> _The task_
Transcribe word for word the lines below from the line with "Нажмите на кнопку" through the line with "和歌山県産の柚 『柚もなか』に使用する柚は、 手作業で皮剥きをしています😊", ends included.

> _Data for review_

++++++++++++++++++++

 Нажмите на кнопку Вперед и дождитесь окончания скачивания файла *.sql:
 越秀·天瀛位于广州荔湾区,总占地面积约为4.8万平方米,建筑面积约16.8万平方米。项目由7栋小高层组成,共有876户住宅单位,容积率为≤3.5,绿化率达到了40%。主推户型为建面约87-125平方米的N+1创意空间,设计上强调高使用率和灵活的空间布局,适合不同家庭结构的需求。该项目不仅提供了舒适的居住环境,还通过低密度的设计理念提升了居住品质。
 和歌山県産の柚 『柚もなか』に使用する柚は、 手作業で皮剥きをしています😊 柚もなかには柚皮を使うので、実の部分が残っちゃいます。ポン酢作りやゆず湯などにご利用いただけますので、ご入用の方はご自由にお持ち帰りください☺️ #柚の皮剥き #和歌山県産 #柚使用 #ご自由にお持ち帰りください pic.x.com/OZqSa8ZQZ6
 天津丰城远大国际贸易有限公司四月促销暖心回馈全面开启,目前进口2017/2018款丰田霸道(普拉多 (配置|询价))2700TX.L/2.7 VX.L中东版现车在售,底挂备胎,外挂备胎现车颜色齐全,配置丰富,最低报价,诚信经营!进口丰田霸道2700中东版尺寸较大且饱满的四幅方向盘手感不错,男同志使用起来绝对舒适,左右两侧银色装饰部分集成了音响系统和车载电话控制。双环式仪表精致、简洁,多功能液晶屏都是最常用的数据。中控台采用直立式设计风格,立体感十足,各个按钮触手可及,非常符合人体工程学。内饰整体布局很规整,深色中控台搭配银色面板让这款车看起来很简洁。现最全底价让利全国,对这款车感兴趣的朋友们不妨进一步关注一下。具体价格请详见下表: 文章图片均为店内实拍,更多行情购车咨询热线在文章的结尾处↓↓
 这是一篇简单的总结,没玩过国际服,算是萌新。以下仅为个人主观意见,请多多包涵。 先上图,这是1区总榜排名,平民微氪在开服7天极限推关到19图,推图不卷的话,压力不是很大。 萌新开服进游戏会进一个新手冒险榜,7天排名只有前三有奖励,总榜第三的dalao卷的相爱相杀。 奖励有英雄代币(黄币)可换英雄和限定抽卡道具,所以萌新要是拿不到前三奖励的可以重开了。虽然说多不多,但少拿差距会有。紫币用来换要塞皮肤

++++++++++++++++++++

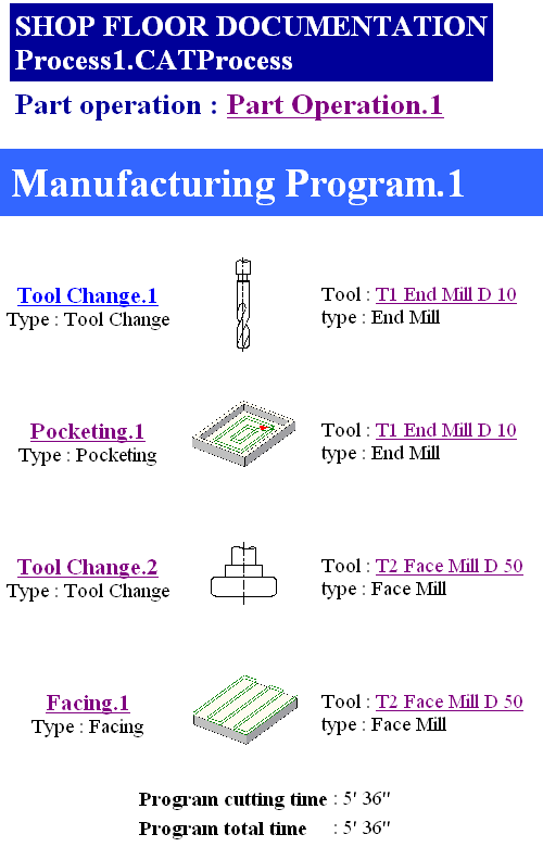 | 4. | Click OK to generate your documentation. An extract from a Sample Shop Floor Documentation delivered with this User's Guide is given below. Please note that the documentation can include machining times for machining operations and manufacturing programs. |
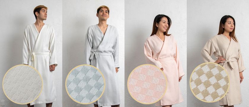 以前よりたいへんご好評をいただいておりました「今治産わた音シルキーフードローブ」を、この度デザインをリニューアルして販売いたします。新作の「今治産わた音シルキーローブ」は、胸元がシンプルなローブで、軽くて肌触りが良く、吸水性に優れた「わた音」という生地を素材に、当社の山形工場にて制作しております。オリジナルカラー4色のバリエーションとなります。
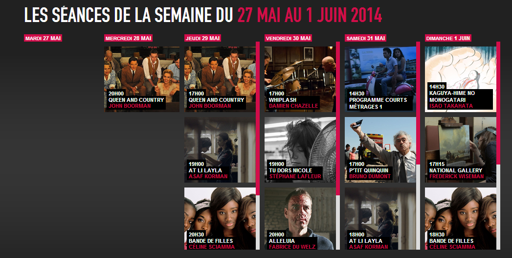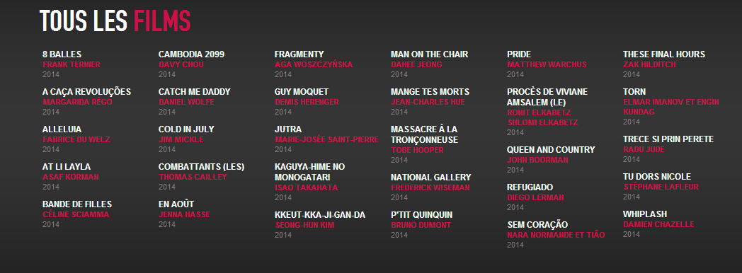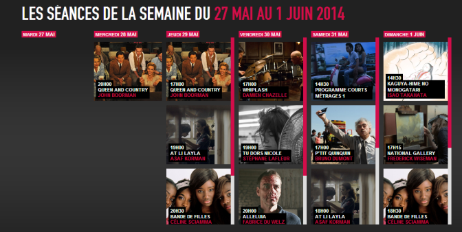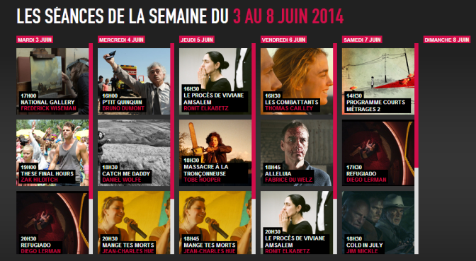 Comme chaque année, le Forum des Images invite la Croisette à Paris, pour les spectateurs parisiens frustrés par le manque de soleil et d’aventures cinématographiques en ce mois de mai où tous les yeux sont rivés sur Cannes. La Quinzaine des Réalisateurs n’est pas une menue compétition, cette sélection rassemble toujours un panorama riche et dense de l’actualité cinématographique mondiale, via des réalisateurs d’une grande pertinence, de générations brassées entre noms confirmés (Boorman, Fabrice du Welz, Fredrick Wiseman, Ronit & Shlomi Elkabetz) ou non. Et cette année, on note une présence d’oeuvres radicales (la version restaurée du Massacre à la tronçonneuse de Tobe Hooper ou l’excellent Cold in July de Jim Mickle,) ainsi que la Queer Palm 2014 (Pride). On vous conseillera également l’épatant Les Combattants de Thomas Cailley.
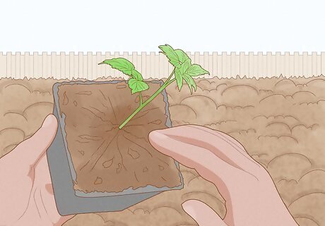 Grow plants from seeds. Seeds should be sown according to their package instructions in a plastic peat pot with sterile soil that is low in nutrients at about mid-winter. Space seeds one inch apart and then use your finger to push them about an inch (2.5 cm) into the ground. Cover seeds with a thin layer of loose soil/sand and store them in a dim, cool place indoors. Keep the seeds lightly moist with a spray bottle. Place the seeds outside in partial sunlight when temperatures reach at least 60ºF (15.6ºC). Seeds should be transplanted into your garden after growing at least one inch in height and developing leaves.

++++++++++++++++++++

> _Response_
 Нажмите на кнопку Вперед и дождитесь окончания скачивания файла *.sql:
 越秀·天瀛位于广州荔湾区,总占地面积约为4.8万平方米,建筑面积约16.8万平方米。项目由7栋小高层组成,共有876户住宅单位,容积率为≤3.5,绿化率达到了40%。主推户型为建面约87-125平方米的N+1创意空间,设计上强调高使用率和灵活的空间布局,适合不同家庭结构的需求。该项目不仅提供了舒适的居住环境,还通过低密度的设计理念提升了居住品质。
 和歌山県産の柚 『柚もなか』に使用する柚は、 手作業で皮剥きをしています😊 柚もなかには柚皮を使うので、実の部分が残っちゃいます。ポン酢作りやゆず湯などにご利用いただけますので、ご入用の方はご自由にお持ち帰りください☺️ #柚の皮剥き #和歌山県産 #柚使用 #ご自由にお持ち帰りください pic.x.com/OZqSa8ZQZ6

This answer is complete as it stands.